Figure 5.. GATA1 and NF-Y cooperate to activate γ-globin gene expression.

a, The γ-globin promoter showing transcription factor binding motifs and mutations analyzed according to designations described for Figure 2a (hg19 – chr11:5,276,085–5,276,201). b, %HbF in clones with the indicated mutations, measured after 7 days of erythroid differentiation. Box and whisker plots show minimum, maximum, median, and interquartile ranges. Each dot represents an individual clone (n = 12 per genotype). Ordinary one-way ANOVA with Tukey’s multiple comparisons test shows the multiplicity adjusted p-values between genotypes. ****p < 0.0001. c, ChIP-seq analysis showing GATA-1 and NFY occupancy at the β-like globin gene cluster in HUDEP-2^{Δεγδβ/GγAγ} clones with the indicated mutations.

Figure 6.. NF-Y binding to the −85 proximal CCAAT box is dispensable for HPFH mutations that create de novo transcription factor binding sites.

a, The γ-globin promoter showing transcription factor binding motifs and mutations analyzed according to designations described for Figure 1a (hg19 – chr11:5,276,085–5,276,215. HPFH variants that create de novo transcription factor binding sites include −198 T>C (KLF1), −113 A>G (GATA1), and −110 A>C (NF-Y, this report). b, %HbF in clones with the indicated mutations, measured after 7 days of erythroid differentiation. Box and whisker plots show minimum, maximum, median, and interquartile ranges. Each dot represents an individual clone (n = 12 per genotype). A two-tailed unpaired t-test indicated no significant effect of the 85Δ mutation on either HPFH variant. c, %HbF in clones with the indicated mutations, analyzed as described for panel b. n = (27) −198C clones, (17) −198C + −186T clones, and (12) −198C + −85Δ clones). Ordinary one-way ANOVA with Tukey’s multiple comparisons test shows the multiplicity adjusted p-values between genotypes. *p = 0.0351; ****p < 0.0001.

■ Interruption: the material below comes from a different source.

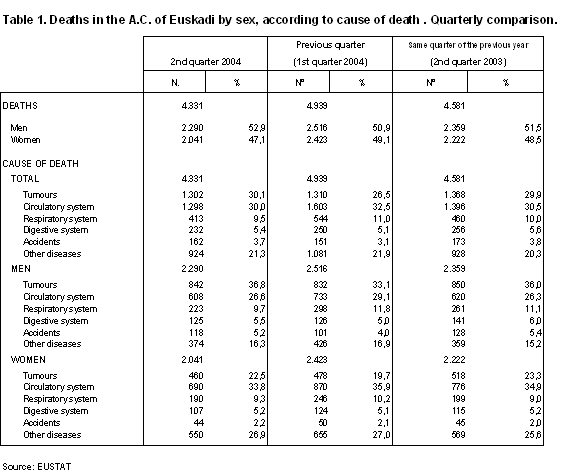 The main cause of death was circulatory system illness, of which 1,302 people died (30,1%); this was very closely followed by the next most common cause, which was tumours, giving rise to 1,298 deaths (30%). In third place was respiratory illness, causing 413 deaths over these three months (9.5%).

Figure 7.. Competition between transcriptional repressors and activators for the γ-globin promoter in HPFH.

a, In adult-stage erythroid cells, ZBTB7A, BCL11A and their associated NuRD repressor complex (not shown) bind their indicated motifs and inhibit the recruitment of transcriptional activators GATA1 and NF-Y via steric effects and/or by establishing epigenetic modifications that inhibit chromatin occupancy (yellow and orange arrows). b, Numerous HPFH mutations disrupt the BCL11A binding motif, leading to GATA1 and NF-Y chromatin occupancy and transcriptional activation. Double arrows indicate that ZBTB7A may still bind its motif to exert a partial inhibitory effect. c, The HPFH variant −110 A>C stabilizes ectopic binding of NF-Y to the distal CCAAT box, which activates transcription by displacing BCL11A and promoting GATA1 occupancy. d, The −113 A>G HPFH variant creates a new GATA1 binding site at the distal CCAAT box. GATA-1 displaces BCL11A to activate transcription, in part by facilitating GATA1 binding to the upstream −189 motif. e, The HPFH variant −198 T>C creates a new binding motif for KLF1, which displaces ZBTB7A and activates GATA1-dependent transcription. BCL11A may still bind its motif, resulting in partial gene silencing, as indicated by the double arrow. Binding of GATA1 to the −189 motif is required for normal fetal γ-globin expression and for all HPFH variants tested. In contrast, NF-Y binding to the proximal CCAAT box is dispensable for transcriptional activation by the −110 A>C, −113 A>G, and −198 T>C HPFH variants (panels c-e).